8.  **Configure Scorers and Threshold:** Choose appropriate scorers (often `checkFactuality`) and set a `threshold`.
9.  **Run Tests:** Execute the evals using your test runner (e.g., `vitest run`).
## Example Structure (Simplified)
```typescript
// my-feature.eval.ts
import { expect } from 'vitest'
import { describeEval } from 'vitest-evals'
import { checkFactuality } from '@repo/eval-tools/src/scorers'
import { initializeClient, runTask } from './utils'
describeEval('Tests My Feature Tool Interactions', {
	data: async () => [
		{
			input: 'Use my_tool to process the data "example"',
			expected: 'The my_tool tool was called with data set to "example"',
		},
		// ... more test cases
	],
	task: async (input) => {
		const client = await initializeClient() // Sets up environment with my_tool
		const { promptOutput, toolCalls } = await runTask(client, 'your-model', input)
		// Check if my_tool was called
		const myToolCall = toolCalls.find((call) => call.toolName === 'my_tool')
		expect(myToolCall).toBeDefined()
		// Check arguments passed to my_tool
		expect(myToolCall?.args).toEqual(
			expect.objectContaining({
				data: 'example',
				// ... other expected args
			})
		)
		return promptOutput // Return AI output for scoring
	},
	scorers: [checkFactuality],
	threshold: 1,
})
```
## Best Practices
- **Clear Inputs:** Write inputs as clear, actionable instructions.
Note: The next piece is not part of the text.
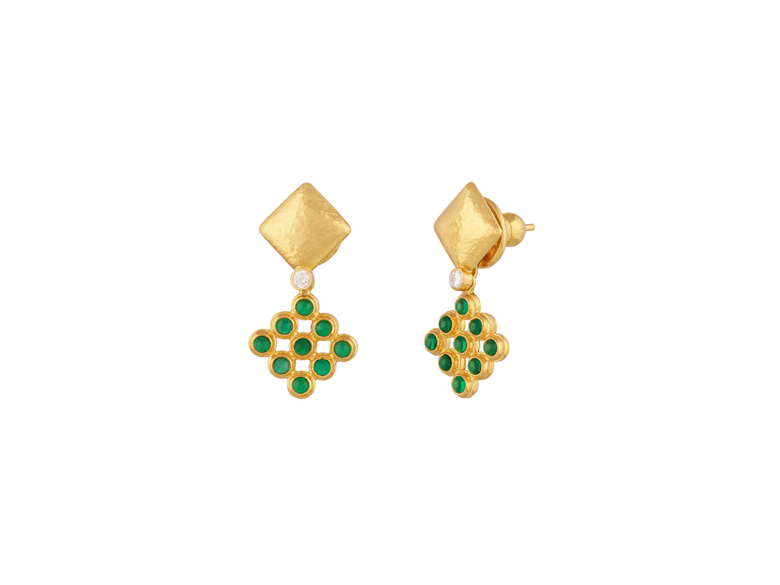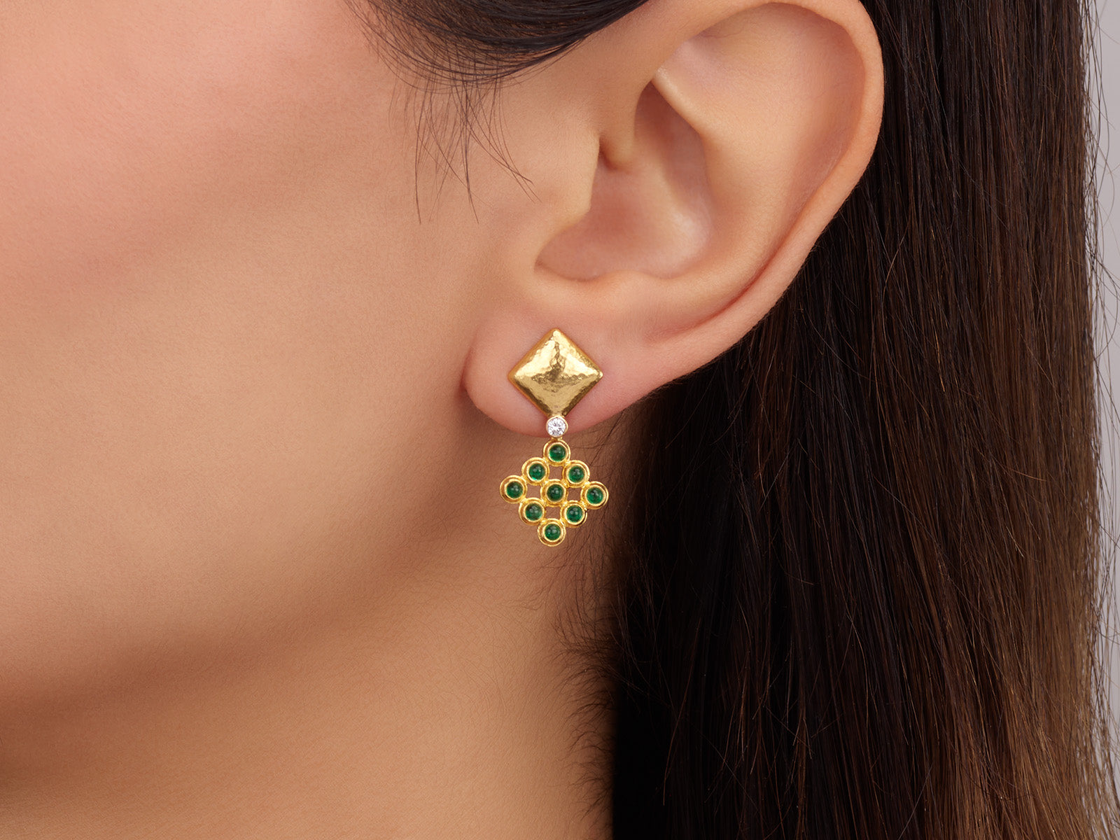 A cascade of verdant cabochon emeralds forms a delicate Pointelle silhouette, suspended beneath a sculpted 22K gold half-square top accented by a brilliant white diamond. Finished with an 18K gold post and vermeil push backs, these earrings balance radiance and refinement in a luminous, elongated drop.

- **Specific Expected Outcomes:** Make `expected` descriptions precise enough for scorers but focus on the key actions.
- **Targeted Assertions:** Use `expect` to verify the most critical aspects of tool calls (tool name, key arguments). Don't over-assert on trivial details unless necessary.
- **Isolate Tests:** Ensure each test case in `data` tests a specific interaction or a small sequence of interactions.
- **Helper Functions:** Keep `initializeClient` and `runTask` generic enough to be reused across different eval files for the same system.
- **Use `expect.objectContaining` or `expect.stringContaining`:** Often, you only need to verify _parts_ of the arguments, not the entire structure, making tests less brittle.
- **Descriptive Names:** Use clear names for `describeEval` blocks and meaningful `input`/`expected` strings.